TV cameras lit up the room, and champagne cooled in buckets of ice. About 50 Mencken scholars and aficionados and members of the press crowded around a table that held the seven small wooden crates, each nailed shut and bound by a metal band.
The crates contained about 3,500 typewritten pages of Mencken memoirs. Four volumes were titled "My Life as Author and Editor," and three volumes were called "Thirty-Five Years of Newspaper Work."
Mencken was the most influential literary critic and iconoclastic journalist of his time. Not only was he a writer and editor at The Sun and The Evening Sun for more than 35 years, but he also edited the literary and opinion magazines The Smart Set and American Mercury from 1914 to 1933.
The seven volumes were the third and final works of Mencken that he had ordered sealed for varying lengths of time after his death. He died Jan. 29, 1956.
In 1971, 15 years after his death, volumes of his correspondence were opened. In 1981, 25 years after his death, his diary was unsealed, as well as notes and documents relating to the Sun papers and additions to his autobiographical trilogy, "Heathen Days," "Happy Days" and "Newspaper Days."
Each ceremonial opening brought a burst of publicity and renewed interest in Mencken. Publication of "The Diary of H.L. Mencken" in 1989 also brought him a great deal of controversy for his harsh remarks about Jews and blacks.
No one knows what Mencken wrote in the memoirs opened yesterday, but they appeared to be humorous, biting, straightforward accounts of Mencken's life.
Philip Wagner, retired editor of The Sun and The Evening Sun and a friend of Mencken, and Ashbel Green, vice president and senior editor of Alfred A. Knopf Inc., Mencken's publishing house, each read one page, selected at random, from the works.
Green, whose company has the publishing rights, said he
assumed the works would be published. He couldn't say when, because it may be up to one year before anyone outside the library can read them, said Anna Curry, director of the library.

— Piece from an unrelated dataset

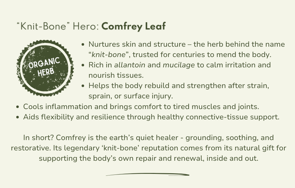 Comfrey, the legendary ‘knit-bone’ herb, has been trusted for over 2,000 years to soothe, restore, and help the body repair itself.

It may take that long to catalog and copy them and decide who gets permission to read them, she said.
"It's hard to tell from one excerpt, but I really do believe these are significant volumes," said Vincent Fitzpatrick, assistant curator of the Mencken collection at the Pratt Library. "Mencken knew everybody. As an editor he published a number of distinguished authors, both foreign and domestic."
Mencken published Sinclair Lewis, F. Scott Fitzgerald, Theodore Dreiser and William Faulkner.
"For everybody interested in American literature," Fitzpatrick said, "I think these papers will be very interesting."
Charles A. Fecher, who edited "The Diary of H.L. Mencken," said the new writings will be interesting for another reason as well: No more sealed volumes await opening.
"This is the end of the road," he said. "There's nothing else."